Russell S. Doughten Jr. (February 16, 1927 – August 19, 2013) was an American filmmaker and producer of numerous short and feature-length Christian films.[1] His film work is credited under numerous variations of his name: with or without the "Jr." suffix or middle initial, and sometimes using the informal "Russ" instead of "Russell". Nearly all of his Christian films were shot in various locales in his home state of Iowa.

While he worked on films, most notably as producer and director (uncredited) of the 1958 sci-fi/horror classic The Blob, he was best known for the Thief In The Night series, which dramatizes the Rapture and Second Coming of Christ and the struggles of a small band of believers against an increasingly hostile worldwide Antichrist dictatorship.

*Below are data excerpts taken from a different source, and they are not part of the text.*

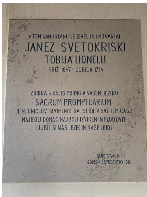
Slika 8 Tabla z napisom "Janez Svetokriški"

Janez Svetokriški je bil slovenski pridigar in književnik. Rodil se je v Vipavskem Križu leta 1647 in tu preživel svoje otroštvo. Že od malega je bil v stiku z očeti kapucini in je zato že zelo zgodaj postal eden izmed njih. V samostanu je živel in ustvarjal; na njegovo nekdanjo prisotnost v tem kraju opozarja njemu posvečen kip pred samostanom. Tu je napisal delo Sacrum Promptuarium oziroma Sveti priročnik , ki obsega kar pet debelih zvezkov.
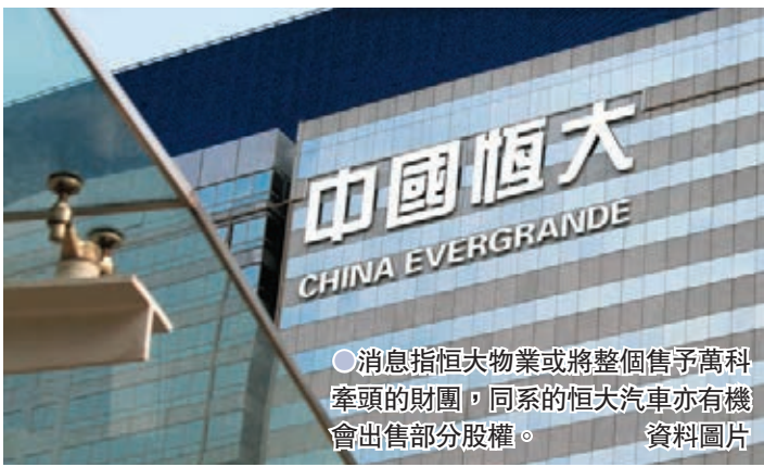
●消息指恒大物業或將整個售予萬科牽頭的財團，同系的恒大汽車亦有機會出售部分股權。 資料圖片

香港文匯報訊（記者 周曉菁）恒大（3333.HK）債務危機傳出喜訊，旗下恒大物業（6666.HK）或將整個售予萬科（2202.HK）牽頭的財團，同系恒大汽車（0708.HK）亦有機會出售部分股權。財
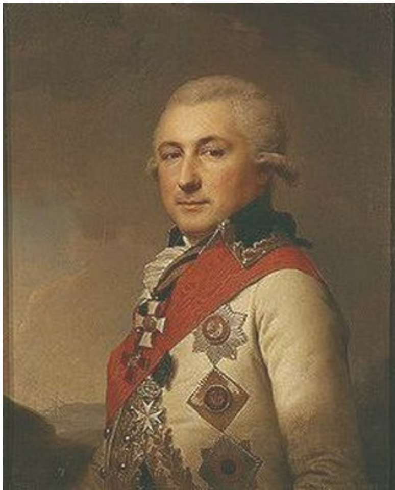
Иосиф Михайлович де Рибас
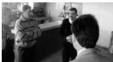
Un PC a Bomberos Pando
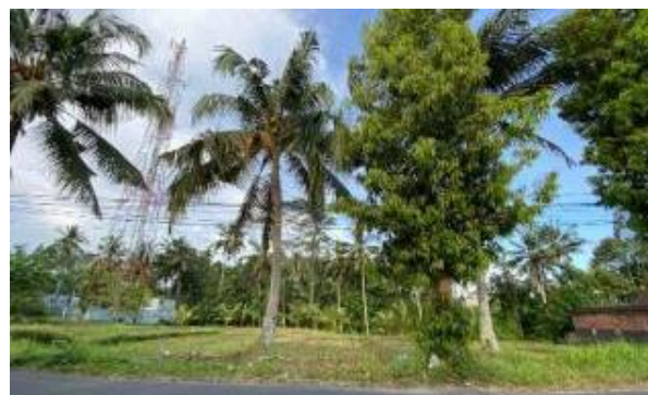
Gambar 7. Kondisi eksisting lahan Pasar Tradisional Desa Bakbakan
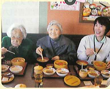
▲おなかいっぱい食べました。

紅葉の鮮やかな赤や渓谷を流れるせせらぎは、絶景でした。おいしい空気をすった後は、「まるまつ」での昼食です。各自好きな物を注文し、おなかいっぱい食べました。皆さん、身も心も大満足のドライブとなったようです。
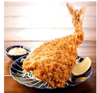
シェアしても満足いくほどの大きさ！ アジフライ XL ¥680
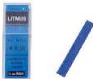
Gambar 2. 5 Kertas Lakmus Biru.

Digunakan untuk mendeteksi sifat asam. Jika kertas lakmus biru berubah menjadi merah, maka larutan yang diuji bersifat asam.
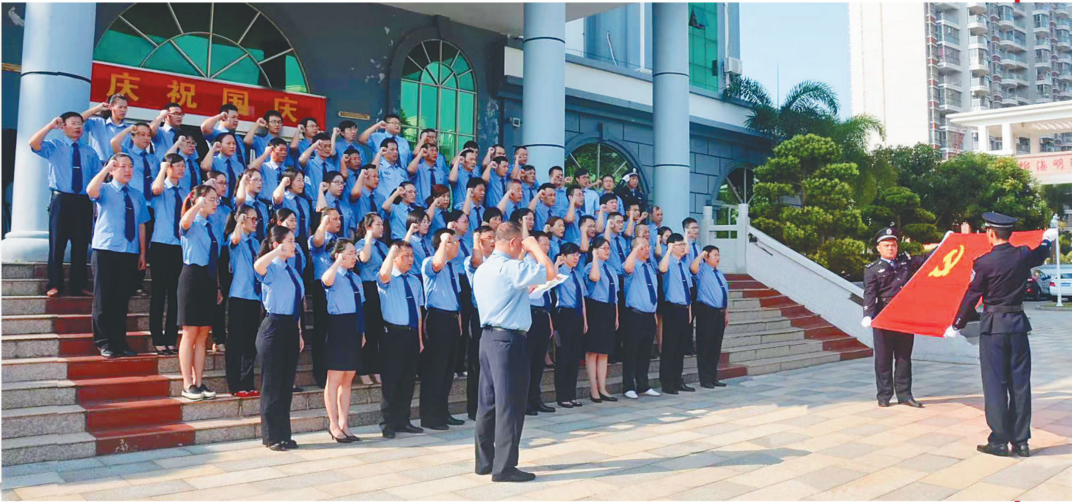
文昌市检察院干警集体宣誓。

近期,在庆祝检察机关恢复重建40周年暨全国检察机关第九次“双先”表彰大会上,文昌市检察院被授予“全国模范检察院”荣誉称号,为海南检察系统争得了荣誉、增添了光彩,更为海南改革发展增添了正能量。 据悉,全国检察系统“双先”表彰大会每四年评选一次,坚持面向基层和工作一线,是检察机关最高层次的综合性表彰奖励活动。近年来,文昌市检察院在省检察院和文昌市委、市政府的领导下,深入学习贯彻习近平新时代中国特色社会主义思想,认真贯彻党的十九大精神,紧紧围绕“讲政治、顾大局、谋发展、重自强”新时代检察工作总体要求,忠诚履责,推动各项检察工作稳步发展。

The films of that series are:

Doughten appears in all four films as Reverend Matthew Turner, a survivalist who has an elaborate chart of the End Times events, but did not fully believe in the Bible until after the Rapture, even if not accepting Christ as his savior. With his long, graying hair usually worn in a ponytail and shaggy beard, he didn't look the part of the stereotypical Christian fundamentalist, a fact that is credited with earning him secular fans, as is his use of unusual camera angles and layered audio.

While there had been feature-length Christian films before, including the End Times film If Footmen Tire You, What Will Horses Do? directed by Ron Ormond in 1971, a sweeping, ambitious project like Thief—with three sequels telling one continuous story over the course of a decade—had never been undertaken even in Hollywood.[citation needed] Doughten's identification of the Antichrist not with Communism as Ormond had done, nor with Jack Chick's sinister view of the Vatican, but rather with a worldwide government that initially acts as a global peacemaker, i.e. the United Nations, would set the tone for most fundamentalist interpretations of the End Times in the decades that followed.

While the films were clearly made on a low budget, and the dated 1970s fashions shown in the early films provide unintentional amusement today, there is no denying the series' influence among Christian fundamentalists. A Thief in the Night is said to be the most widely seen Gospel film in the world and has been influential in many conversions to Protestant Christianity. Tim LaHaye and Jerry B. Jenkins cite Doughten's films as being the primary influence for their million selling Left Behind series of books and films. Doughten's films are frequently shown in churches and on Christian television stations to this day.

In the mid-1960s, Doughten taught English and drama and supervised and directed student productions at South Pasadena High School in California. His former students report that he was exacting in demanding their best efforts, but they were proud of the results and the quality of the productions he directed and they regretted his departure in 1964 to return to filmmaking in Ohio.

Doughten died from a cardiac-related illness on August 19, 2013.[2]